(Records contained in a dataset)
....

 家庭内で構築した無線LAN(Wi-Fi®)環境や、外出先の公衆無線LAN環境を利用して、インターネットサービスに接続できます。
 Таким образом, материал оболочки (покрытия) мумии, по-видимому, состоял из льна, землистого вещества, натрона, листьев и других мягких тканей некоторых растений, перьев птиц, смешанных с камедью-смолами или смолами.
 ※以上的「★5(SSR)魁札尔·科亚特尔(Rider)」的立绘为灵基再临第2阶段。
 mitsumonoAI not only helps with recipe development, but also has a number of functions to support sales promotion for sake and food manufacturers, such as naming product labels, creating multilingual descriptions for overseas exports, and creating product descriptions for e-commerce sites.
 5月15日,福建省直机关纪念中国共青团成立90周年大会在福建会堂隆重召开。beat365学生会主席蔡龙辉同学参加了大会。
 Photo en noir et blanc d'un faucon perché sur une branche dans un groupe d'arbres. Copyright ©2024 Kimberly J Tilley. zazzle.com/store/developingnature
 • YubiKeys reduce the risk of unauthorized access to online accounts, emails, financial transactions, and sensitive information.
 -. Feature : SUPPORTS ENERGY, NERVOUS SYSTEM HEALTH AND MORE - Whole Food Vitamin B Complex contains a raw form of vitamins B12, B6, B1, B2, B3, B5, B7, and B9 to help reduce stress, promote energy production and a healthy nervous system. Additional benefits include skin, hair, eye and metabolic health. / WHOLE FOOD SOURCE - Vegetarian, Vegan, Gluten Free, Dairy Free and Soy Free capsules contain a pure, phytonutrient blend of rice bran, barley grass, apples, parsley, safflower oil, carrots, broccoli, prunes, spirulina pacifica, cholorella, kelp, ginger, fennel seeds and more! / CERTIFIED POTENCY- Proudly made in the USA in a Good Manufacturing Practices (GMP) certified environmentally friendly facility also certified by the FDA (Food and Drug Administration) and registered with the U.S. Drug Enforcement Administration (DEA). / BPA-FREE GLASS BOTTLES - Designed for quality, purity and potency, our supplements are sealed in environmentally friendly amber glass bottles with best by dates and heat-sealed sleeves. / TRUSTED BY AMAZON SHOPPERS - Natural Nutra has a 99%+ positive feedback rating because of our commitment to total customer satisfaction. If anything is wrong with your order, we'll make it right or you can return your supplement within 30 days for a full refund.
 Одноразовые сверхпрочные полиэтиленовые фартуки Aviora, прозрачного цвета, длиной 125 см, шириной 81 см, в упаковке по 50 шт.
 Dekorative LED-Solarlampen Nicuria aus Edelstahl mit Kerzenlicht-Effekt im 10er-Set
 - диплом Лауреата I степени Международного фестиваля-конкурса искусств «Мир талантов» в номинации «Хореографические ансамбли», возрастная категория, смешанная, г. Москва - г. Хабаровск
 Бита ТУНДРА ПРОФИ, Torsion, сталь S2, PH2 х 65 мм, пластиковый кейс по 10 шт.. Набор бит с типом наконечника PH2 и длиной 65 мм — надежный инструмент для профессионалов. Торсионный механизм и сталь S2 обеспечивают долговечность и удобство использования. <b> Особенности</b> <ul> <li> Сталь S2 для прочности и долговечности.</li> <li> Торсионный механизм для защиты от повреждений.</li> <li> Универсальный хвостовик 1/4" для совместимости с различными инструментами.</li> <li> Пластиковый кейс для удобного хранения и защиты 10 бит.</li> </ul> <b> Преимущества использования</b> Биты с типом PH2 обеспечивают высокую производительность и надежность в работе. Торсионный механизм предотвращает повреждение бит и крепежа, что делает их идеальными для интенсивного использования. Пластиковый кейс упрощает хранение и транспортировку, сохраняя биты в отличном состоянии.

....

Problem requirements:
From the entries above, restate word for word the lines from the line containing "5月15日,福建省直机关纪念" to the line containing "and sensitive information.", both ends included, and nothing more.

Response:
 5月15日,福建省直机关纪念中国共青团成立90周年大会在福建会堂隆重召开。beat365学生会主席蔡龙辉同学参加了大会。
 Photo en noir et blanc d'un faucon perché sur une branche dans un groupe d'arbres. Copyright ©2024 Kimberly J Tilley. zazzle.com/store/developingnature
 • YubiKeys reduce the risk of unauthorized access to online accounts, emails, financial transactions, and sensitive information.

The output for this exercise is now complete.